Given records:
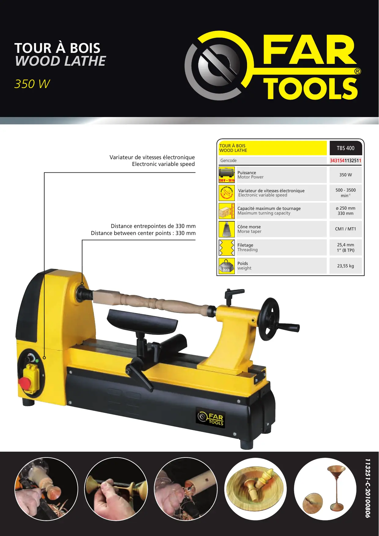 TB S400 - Tour à bois FARTOOLS - Notice d'utilisation et mode d'emploi gratuit
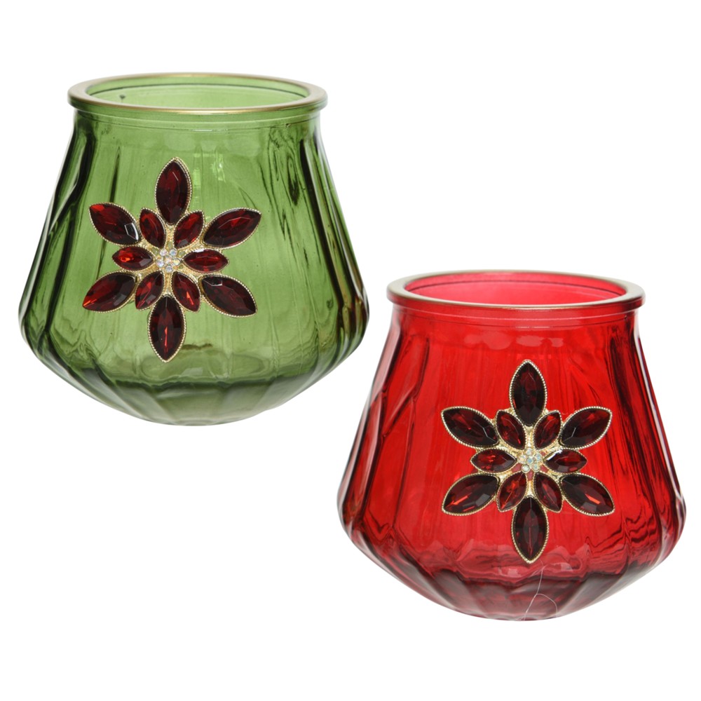 These glass candle holders come in festive green and red tones, featuring an elegant central floral design that adds a warm, decorative touch. Measuring Dia.11xH10.5 cm, they are perfect for creating a cozy ambiance during evenings or celebrations. The colored glass diffuses light beautifully, making them ideal for use on tables, shelves, or as part of a seasonal décor arrangement.
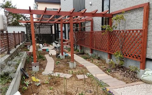 パーゴラを組み立て、ラティスを取り付け完成しました。窓がある所には横に板を取り付けられませんでした。車庫で焼き肉をする時があるので、煙を出すために開けれないとダメとの意見が約2名設計図通りにしても、素人施工なので寸法が合わずに、適当にごまかしています。秋の雪が降る前に、はすかいを取り付ける予定です。誘引棒も雪の圧力で折れたり曲がってしまい足りないのですが、後で買い足し取り付けます。 ・・・正確には9割がた完成ですラティスにクレマティスのフェアリーブルーを誘因しました。隣家の境に取り付けたラティスに、クレマティスのDRラッペル・ミサヨ・プレジデントを、奥のパーゴラに、HFヤング・白馬を誘因しました。新枝咲きのセザンヌ・ニオベ・コンテッサ・プリンセスダイアナはまだ芽が出たばかりです。
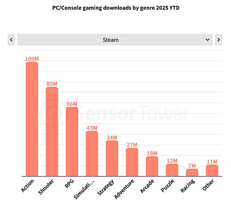 In the AA segment, action and RPGs are the strongest (Clair Obscur: Expedition 33, Kingdom Come: Deliverance II).
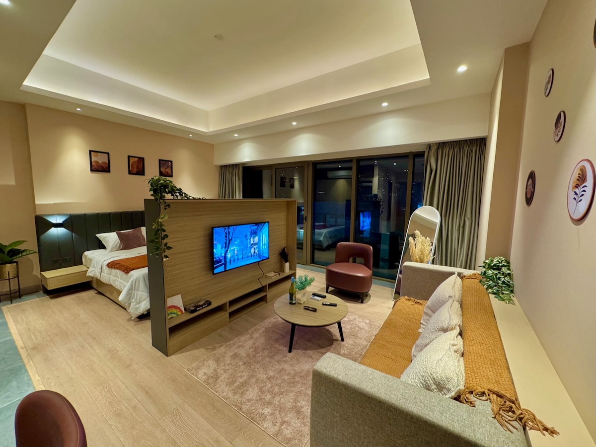 Experience comfort and style in a sanctuary designed for work and relaxation. Rest on a Wakefit orthopedic mattress and enjoy warm ambient lighting. Stay productive with an ergonomic workspace and unwind with two 42-inch TVs. The attached bathroom offers premium toiletries and a lit vanity mirror. Cook effortlessly in a fully equipped kitchen. Relax on the sofa in a space where peace, productivity, and lifestyle blend perfectly.
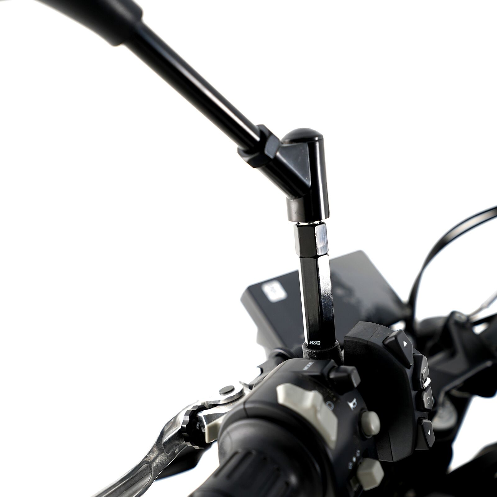 These Mirror Risers are made from 6082 T6 Aluminium and are suitable for any bike with an M10x1.25 (Right hand threaded) mirror socket. Suitable for the 990SMT/1290SuperDuke/Z1000 '14- '24/Speed Triple '11-'15/390Duke/NC750X/ Honda CB125R '18- '24 / Aprilia Shiver 900 '18- '24/ Honda CB650R '19- / Svartpilen 701 '19-  & Kawasaki ZH2 '20- '24 / Tiger 1200 GT pro '22- & Honda CMX1100 Rebel (DCT) '21- & CMX1100T Rebel (DCT) '23-, Triumph Tiger 900 Rally Pro &GT(Pro) '24- along with any bike with a M10x1.25 (right hand thread) mirror mounting points. Risers are perfect for increasing rearward visibility while riding.
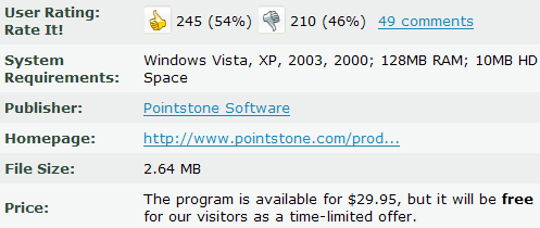 다운로드 페이지를 클릭하면 간단한 프로그램 정보와, 아래쪽에 아래 그림처럼 해당 프로그램에 대한 사용자 평가와, 시스템 요구사항, 제작사, 홈페이지, 파일크기, 소프트웨어의 원래 가격 등의 정보가 나옵니다. 2009년 8월 6일 현재 사용자의 모든 사용 기록을 제거해 주는 Total Privacy 5 프로그램을 제공하고 있습니다. 필요하신 분들.. 서두르세요! ㅋㅋ
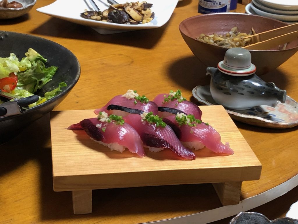 ほうえいのご主人が刺身を切って巻物やにぎり寿司を振る舞ってくれました。ちなみに、お寿司を乗せる寿司下駄や、刺身を格納している箱などはすべてご主人の手作りです。
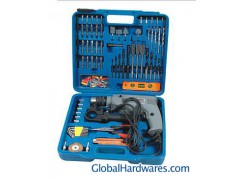 Contents:1PC 6" Long nose plier w/mat grip1PC Utility knife2PC Screw w/zinc plated2PC Wire wheel brush8PC Hex key6PC 1/4" dr. socket Size: 5-6-7-8-9-10mm1PC Fastener accessories in a clear box10PC 25mm bits Size: slotted 4-5-6mm Phillips: #0, #1, #2, #3 Pozi: #1, #2,3315PC 50mm long bits Size: slotted 4-5-6mm Phillips: #1, #2, #3 Pozi: #1, #2, #3 Torx: T10, T15, T20, T25, T30 Adaptor1PC 60mm magnetic bit holder w/black finished5PC Sanding stone3PC Wood flat drill Size: 13-16-195PC HSS Twist drill Size: 4-5-6-8-105PC Wood working drill w/black finished Size: 4-5-6-8-105PC Masonry drill w/red head zinc plated Size: 4-5-6-8-101PC 500W Impact power drill1PC 6" (150mm) torpedo level

How to complete this task:
In the entries above, find the line that contains "Experience comfort and", then repeat exactly every line from the first one through that line, with no pictures.

Expected answer:
 TB S400 - Tour à bois FARTOOLS - Notice d'utilisation et mode d'emploi gratuit
 These glass candle holders come in festive green and red tones, featuring an elegant central floral design that adds a warm, decorative touch. Measuring Dia.11xH10.5 cm, they are perfect for creating a cozy ambiance during evenings or celebrations. The colored glass diffuses light beautifully, making them ideal for use on tables, shelves, or as part of a seasonal décor arrangement.
 パーゴラを組み立て、ラティスを取り付け完成しました。窓がある所には横に板を取り付けられませんでした。車庫で焼き肉をする時があるので、煙を出すために開けれないとダメとの意見が約2名設計図通りにしても、素人施工なので寸法が合わずに、適当にごまかしています。秋の雪が降る前に、はすかいを取り付ける予定です。誘引棒も雪の圧力で折れたり曲がってしまい足りないのですが、後で買い足し取り付けます。 ・・・正確には9割がた完成ですラティスにクレマティスのフェアリーブルーを誘因しました。隣家の境に取り付けたラティスに、クレマティスのDRラッペル・ミサヨ・プレジデントを、奥のパーゴラに、HFヤング・白馬を誘因しました。新枝咲きのセザンヌ・ニオベ・コンテッサ・プリンセスダイアナはまだ芽が出たばかりです。
 In the AA segment, action and RPGs are the strongest (Clair Obscur: Expedition 33, Kingdom Come: Deliverance II).
 Experience comfort and style in a sanctuary designed for work and relaxation. Rest on a Wakefit orthopedic mattress and enjoy warm ambient lighting. Stay productive with an ergonomic workspace and unwind with two 42-inch TVs. The attached bathroom offers premium toiletries and a lit vanity mirror. Cook effortlessly in a fully equipped kitchen. Relax on the sofa in a space where peace, productivity, and lifestyle blend perfectly.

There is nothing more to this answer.